--- Given data Enclosed Below ---

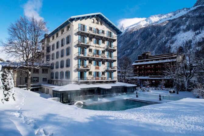 Пятизвездочный отель в центре Шамони, известный миру уже более 100 лет. Построенный в начале прошлого века, курорт является роскошным островком в горах. Это семейный проект с историей, то место, где дарят уют, высокий уровень сервиса и высокой кухни. Комплекс представлен как строгими и стильными в отделке апартаментами, так и уютными шале в деревенском стиле. Все типы номеров предназначены для комфортного размещения как отельны пар, так и больших семей с детьми. Шамони Монблан — это роскошный курорт мирового альпинизма, гости прибывают сюда активно отдохнуть и расслабиться, созерцая прекрасные горные вершины из своих уютных номеров. К услугам гостей два панорамных бассейна, спа — центр премиум класса, рестораны с интересной местной кухней.
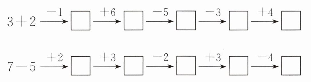 $\begin{array}{cccccc}3+2 \xrightarrow{-1} □ \xrightarrow{+6} □ \xrightarrow{-5} □ \xrightarrow{-3} □ \xrightarrow{+4} □ \\7-5 \xrightarrow{+2} □ \xrightarrow{+3} □ \xrightarrow{-2} □ \xrightarrow{+3} □ \xrightarrow{-4} □\end{array}$
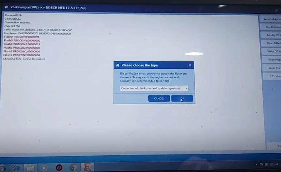 Follow the prompt to select the PFlash IMMO file (checksum is not ok)
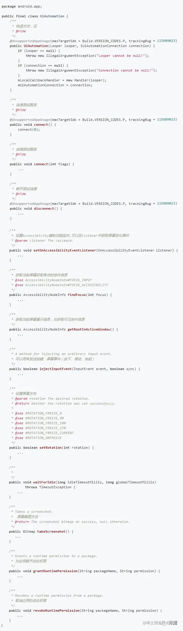 到此uiautomator进程已经获取UiAutomation对象,可以通过UiAutomation对象获取屏幕元素信息、发送按键事件、滑动屏幕、点击屏幕等。以下代码展示部分重要API,无论是Uiautomator1.0还是Uiautomator2.0最终都是通过UiAutomation对象来执行测试动作的。

--- End of Enclosed Given data ---

■ What to do ■
A word-for-word retyping of the material above is expected, without pictures.

■ Task solution ■
 Пятизвездочный отель в центре Шамони, известный миру уже более 100 лет. Построенный в начале прошлого века, курорт является роскошным островком в горах. Это семейный проект с историей, то место, где дарят уют, высокий уровень сервиса и высокой кухни. Комплекс представлен как строгими и стильными в отделке апартаментами, так и уютными шале в деревенском стиле. Все типы номеров предназначены для комфортного размещения как отельны пар, так и больших семей с детьми. Шамони Монблан — это роскошный курорт мирового альпинизма, гости прибывают сюда активно отдохнуть и расслабиться, созерцая прекрасные горные вершины из своих уютных номеров. К услугам гостей два панорамных бассейна, спа — центр премиум класса, рестораны с интересной местной кухней.
 $\begin{array}{cccccc}3+2 \xrightarrow{-1} □ \xrightarrow{+6} □ \xrightarrow{-5} □ \xrightarrow{-3} □ \xrightarrow{+4} □ \\7-5 \xrightarrow{+2} □ \xrightarrow{+3} □ \xrightarrow{-2} □ \xrightarrow{+3} □ \xrightarrow{-4} □\end{array}$
 Follow the prompt to select the PFlash IMMO file (checksum is not ok)
 到此uiautomator进程已经获取UiAutomation对象,可以通过UiAutomation对象获取屏幕元素信息、发送按键事件、滑动屏幕、点击屏幕等。以下代码展示部分重要API,无论是Uiautomator1.0还是Uiautomator2.0最终都是通过UiAutomation对象来执行测试动作的。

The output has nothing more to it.